Mission Coal Co. LLC took advantage of a down cycle in global metallurgical coal markets to snatch up U.S. mines from struggling coal companies, only to find the bargain mines fraught with issues that would force the company into its own bankruptcy only a few years later and potentially put those assets back on the market.

The Tennessee-headquartered metallurgical coal company with assets in West Virginia and Alabama had a total cash balance of just $55,000 as of its Oct. 14 voluntary petition for bankruptcy and is now exploring a bankruptcy sale of its assets, according to the declaration of Kevin Nystrom, the chief restructuring officer for Mission Coal. Despite the metallurgical coal market rebounding, Mission has faced a number of operational challenges since its subsidiaries started scooping up coal assets in 2015, and now the company says the sale of all or substantially all of its assets is the primary focus of its bankruptcy reorganization.

Mission was formed in early 2018 by combining and consolidating the operations of Seneca Coal Resources LLC and Seminole Coal Resources LLC, both consisting of assets acquired by ERP Environmental Fund Inc in distressed asset buys in 2015 and 2016. The company amassed the cheap mines from what is now Cleveland-Cliffs Inc. as it exited the U.S. coal sector and acquired assets from Walter Energy Inc. for no consideration other than assuming the liabilities associated with those mines as Walter went through a bankruptcy process that would result in the more streamlined Warrior Met Coal Inc.

"With substantial unmined reserves, a promising met coal market dawning and readily actionable investments available to realize the potential of the debtors' mines, Mission Coal was positioned to become a profitable, efficient entity," Nystrom wrote.

The bargain mines Mission expected to operate in what actually did become a booming metallurgical coal market proved to be more expensive than they seemed. According to the bankruptcy declaration, the same "market forces that allowed for the sale of these assets at such a discount also drove them into disrepair." Many of the acquired assets were in need of "enormous upfront capital infusions" and Mission Coal spent approximately $28 million upgrading mining operations it still believes has potential to be viable as of the date of its bankruptcy petition.

Executive targets of 6.5 million tons of coal production in 2018 were drastically cut to 4.5 million tons due to adverse mining conditions and transportation disruptions, Nystrom told the court. Only 2.1 million tons of coal had been produced by the company's mines as of September.

The company has also struggled to secure lending to get it through its financial woes. A third party contacted 20 entities that routinely provide debtor-in-possession financing, of which nine agreed to enter into nondisclosure agreements related to a potential deal. All of the lenders expressed concern about providing financing and all of them ultimately declined. The company is currently negotiating financing terms with its first lien lenders for an approximately $50 million financing facility.

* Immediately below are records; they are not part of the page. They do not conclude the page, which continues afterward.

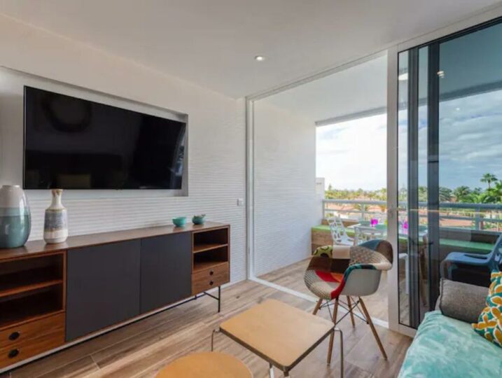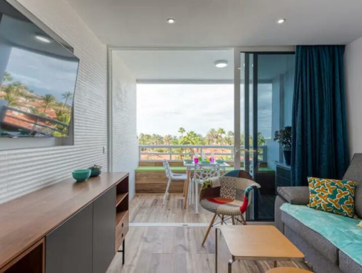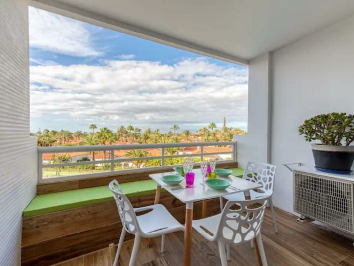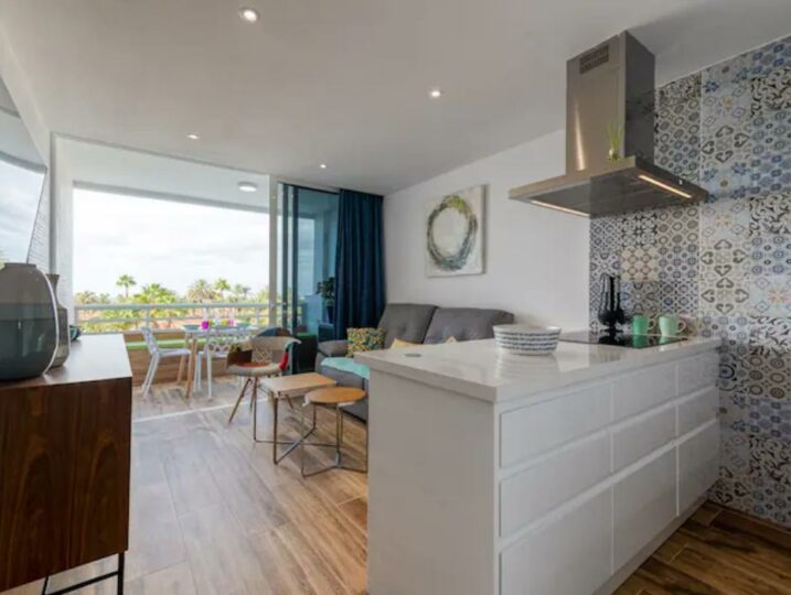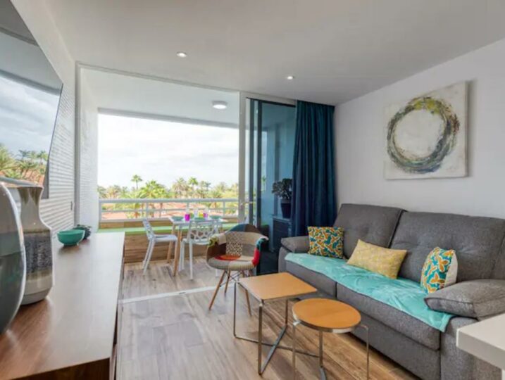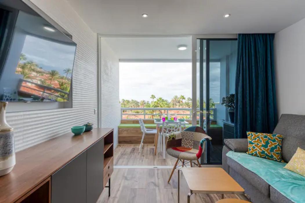 This modern apartment equipped with 300 Mbit/s fiber optic internet is located by the sea near the dunes. It is located 2 steps from the yumbo with a beautiful view of the palm trees and Maspalomas. My accommodation is close to the beach, restaurants, supermarkets, public transport and the nightlife of Playa del Inglés. You will love it.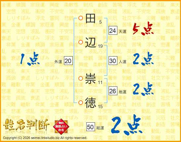 田(5画)辺(19画) 崇(11画)徳(15画)
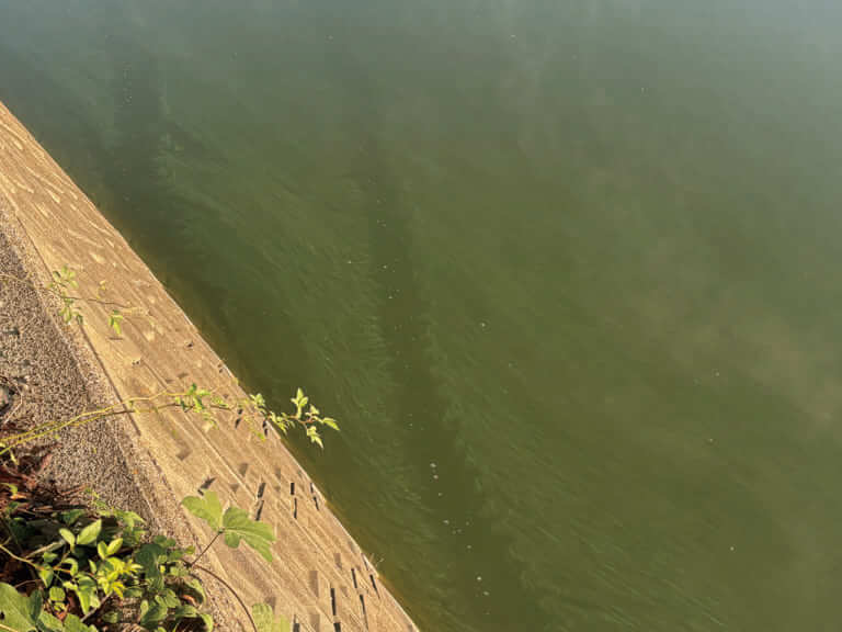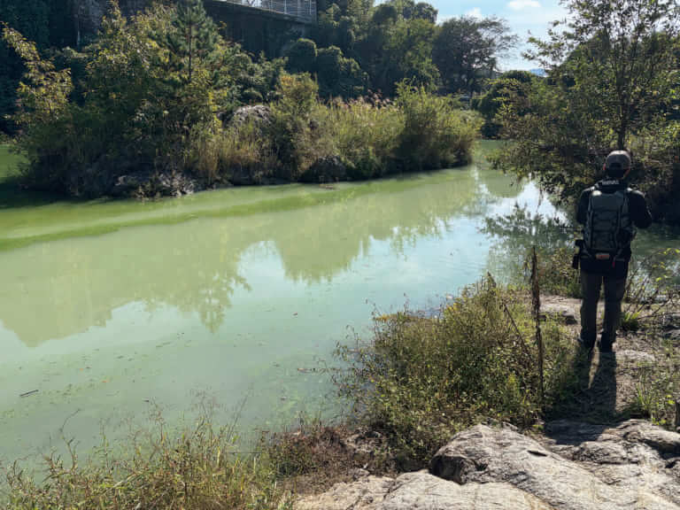 朝の冷え込みはきついものの、季節的にはまだまだ秋。水面にはアオコが出ているエリアも。「気温は下がっているけど、まだ水温が高いのでアオコが出てます。水の中は綺麗なんで、ある程度ルアーはスピード感を出さないとバスを騙せなそうですね」。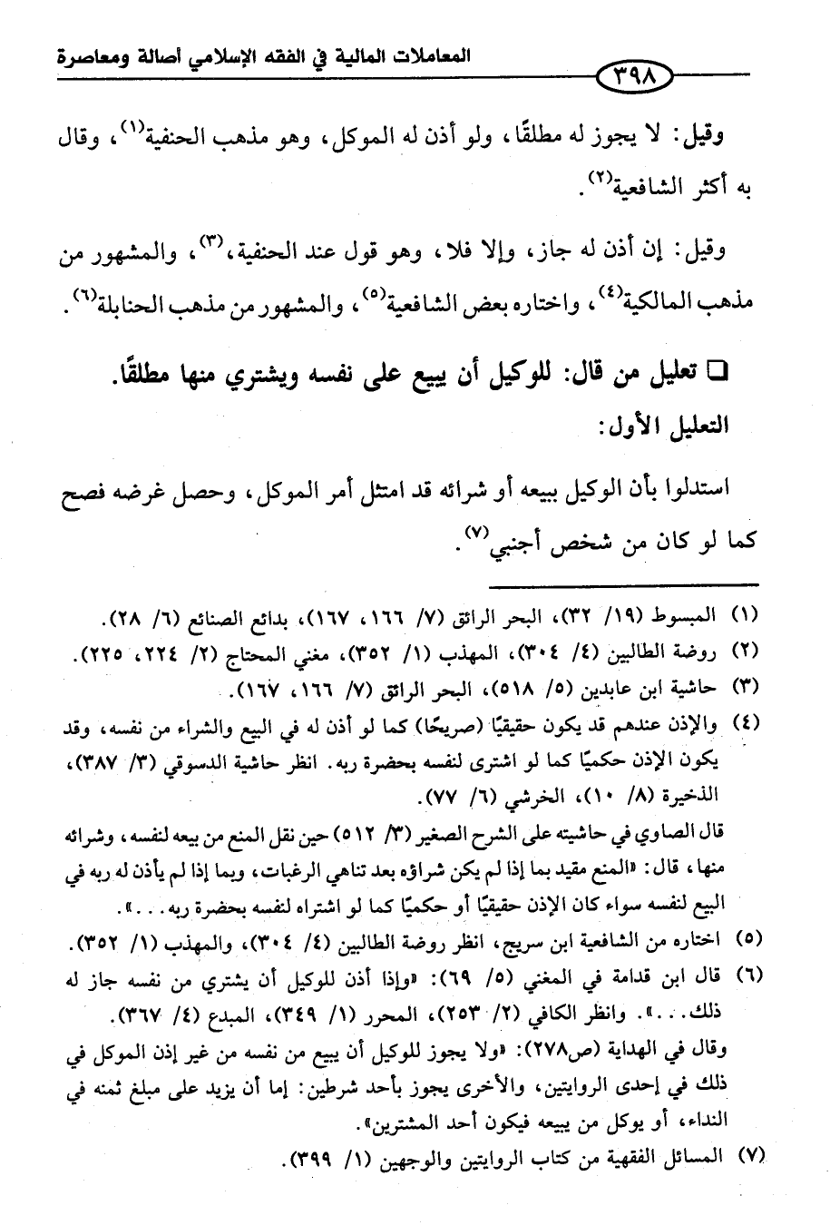وقال في الهداية (ص ٢٧٨): "ولا يجوز للوكيل أن يبيع من نفسه من غير إذن الموكل في ذلك في إحدى الروايتين، والأخرى يجوز بأحد شرطين: إما أن يزيد على مبلغ ثمنه في النداء، أو يوكل من يبيعه فيكون أحد المشترين".

Nystrom said Mission has not had enough time to establish the business relationships and firm reputation it needs to survive. For example, many vendors are imposing stringent terms on new coal companies after being burned in other coal company bankruptcy reorganizations.

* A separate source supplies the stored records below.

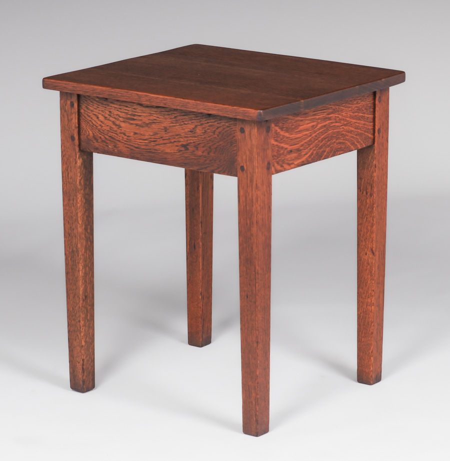 L&JG Stickley One-Drawer Table c1908-1912. Signed. Top refinished perfectly to match original finish. Originally taller. 20"w x 17.75"d x 24"h SOLD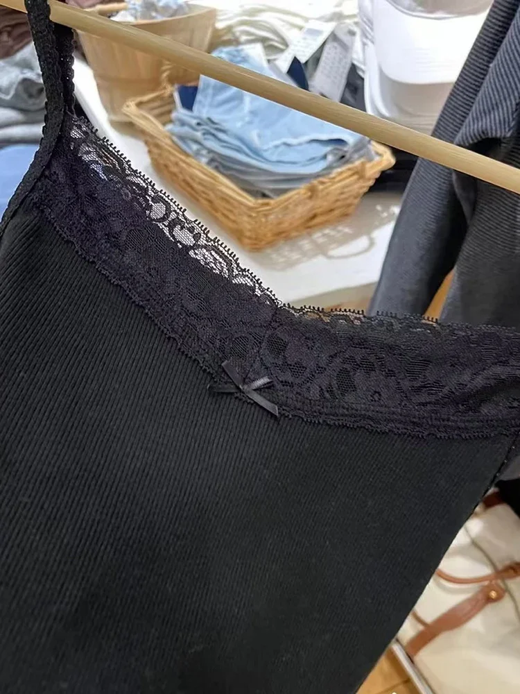 Vintage Women Lace Trim Bow Tank Tops Summer Ladies Casual Cute Black Cotton Camis Female Sweet Y2k Slim Crop Top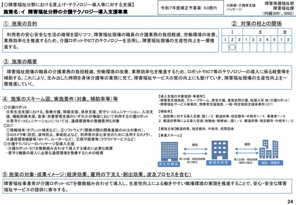 【障害福祉】令和7年度補正予算案:生産性向上とロボット導入支援の動向について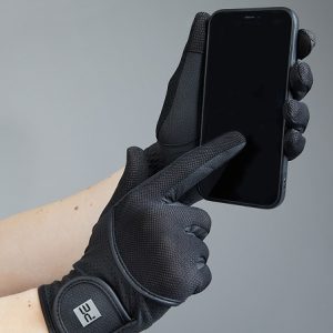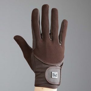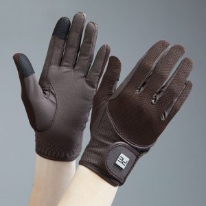 The palm of the glove is made from lightweight synthetic leather, providing optimum grip on the reins. A touch screen panel on the index finger and thumb allows for use of your phone without removing your gloves. Complete with Velcro closure with an elegant PE branded badge, these riding gloves are ideal for your everyday equestrian activities and competition use.

"This results in a constrained market and a near holding pattern for Mission Coal, who is frequently subject to disadvantageous business terms and unable to substitute its vendors' services with less expensive alternative providers," Mission Coal wrote.

Mission is asking the bankruptcy court for quick relief. The company has said it needs a hearing by Oct. 16 in order to authorize payroll obligations to be distributed by Oct. 17. Mission employs approximately 1,075 people on a full- or part-time basis.

About 96% of the coal revenue generated by Mission is from metallurgical coal sales, according to the filing. Export sales account for about 55% of the company's coal sale revenues, with 10 customers accounting for about 77% of the company's 2017 coal sale revenue.